Sur ces deux projets, il cherche, en puisant dans son vocabulaire musical,
les mots les plus appropriés pour dialoguer avec ces musiciens
issus de cultures différentes, (ce qui ne l'empêche pas
de conserver des domaines qui lui sont propres tels que .l'harmonie
pourtant complètement extérieure à la musique africaine
comme à la musique indienne). D'un côté, des rythmes
de jazz, de blues, de musique contemporaine, batifolent avec des rythmes
africains dans un chassé croisé plein de vitalité,
dans l'ivresse de l'instant. De l'autre, c'est la rencontre de la frappe
et de l'étirement, dialogue entre deux solistes, où la
douceur écorchée du violon vient répondre aux mélodies
mélancoliques du piano jusqu'à toucher à quelque
chose qui relève d'un mystère, un instant d'éternité
presque mystique.
Pris entre le faux speed de l'Afrique, cette nonchalance déguisée
sous une vitalité débordante et le faux calme de l'Inde,
ce tigre tapis prêt à bondir, le piano de Jo Kaïat
nous rapporte des propos d'ici et d'ailleurs.
Avec ses partenaires maliens comme avec ses partenaires indiens, Jo
Kaïat se livre autant à un échange musicale, qu'à
un échange de rêverie. Il lui faut saisir l'ambiance d'un
lever du jour brumeux à Delhi pour jouer sur « Lalit »
(raggae de l'aurore), ressentir l'aridité de la nuit africaine
pour chanter sur « Koreduga » (chant traditionnel d'une
fête malienne où tout est permis, où on se déguise,
où on peut dire des blagues, où les choses s'inversent).
Pour Jo Kaïat tout est affaire de rencontres, de dialogues.

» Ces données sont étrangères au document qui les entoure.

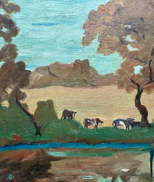 George Glenn Newell Antique Impressionist Cows in Landscape Oil Painting in Gold Frame
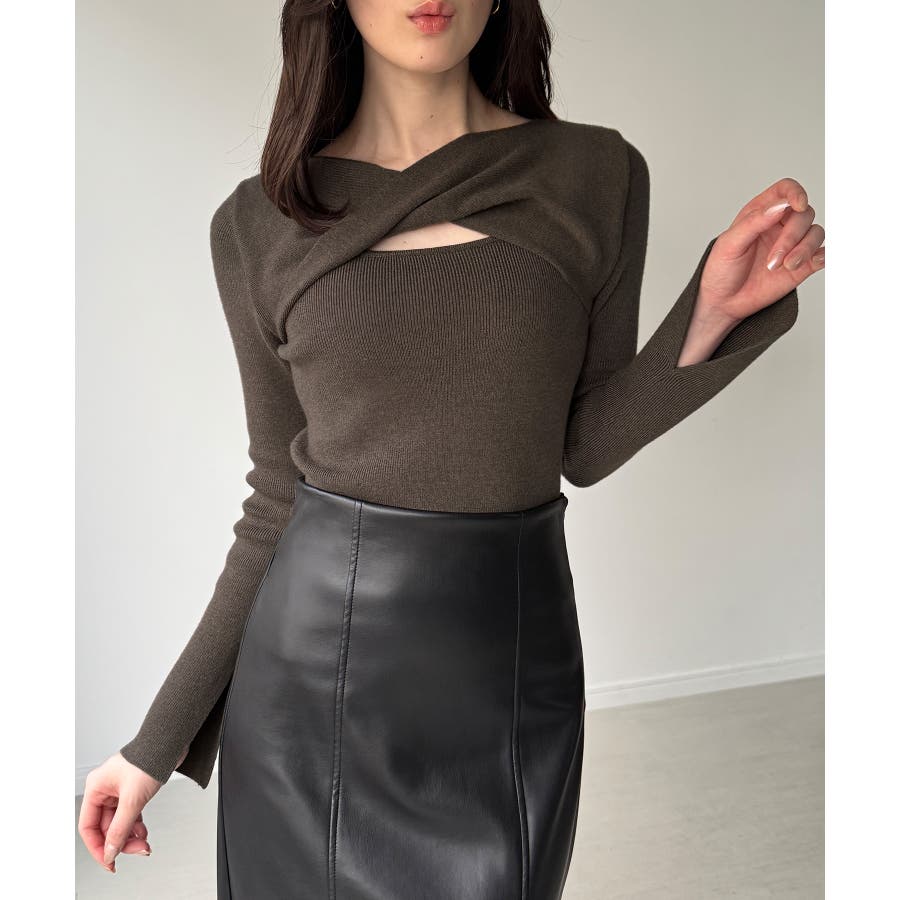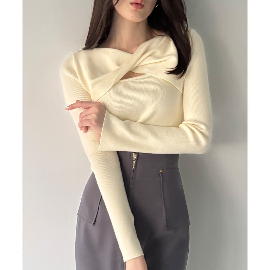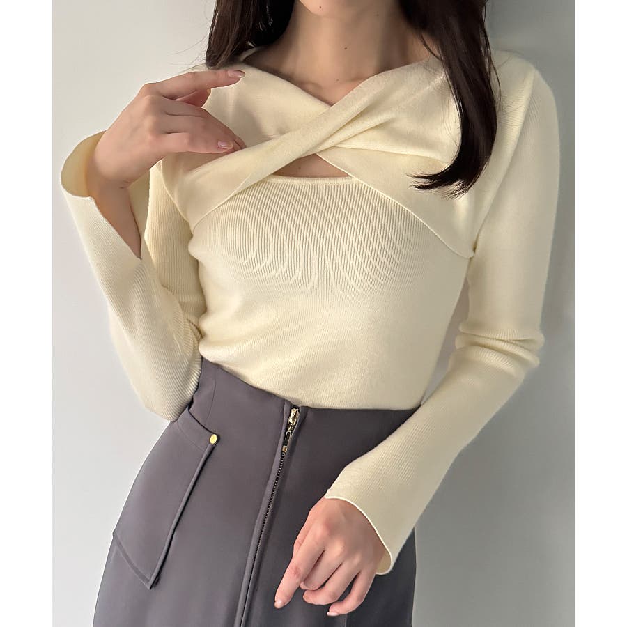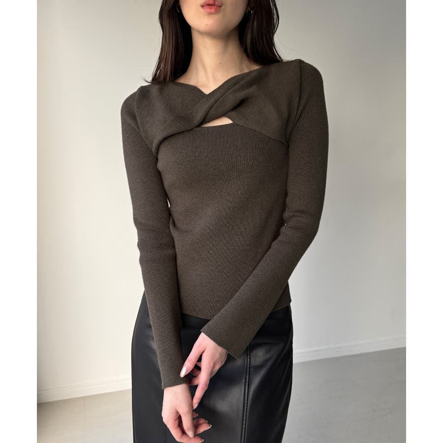 クロスドレープニットトップス

C'est d'ailleurs le titre d'un des morceaux du trio de Bamako dont la
composition découle d'un rythme guinéen très populaire
au Mali, le « dundunba ». Jo Kaïat tend constamment
des ponts entre différentes cultures: rapproche les gnawas, des
bambaras (qui ont une histoire commune) dans « Du Maroc au Mali»;
relie les accents mélancoliques de Satie à ceux de l'Inde
et ménage une place à ses influences orientales dans «
Lalit » et « Cur battant ». Mais il ne se contente
pas de trouver des liens entre sa culture et celle des autres, il passe
également son temps à trouver des liens entre son instrument
et celui des autres. Ainsi" dans « Dialogues », le
couple doum-doumdjembe ou bien le tabla avec ses deux flûtes,
un grave, un aigu, représentent pour lui la main gauche et la
main droite du piano, sans parler du balafon qui est son ancêtre.
Après ces multiples chemins, il nest pas surprenant que
la musique de Jo Kaïat exprime un authentique métissage.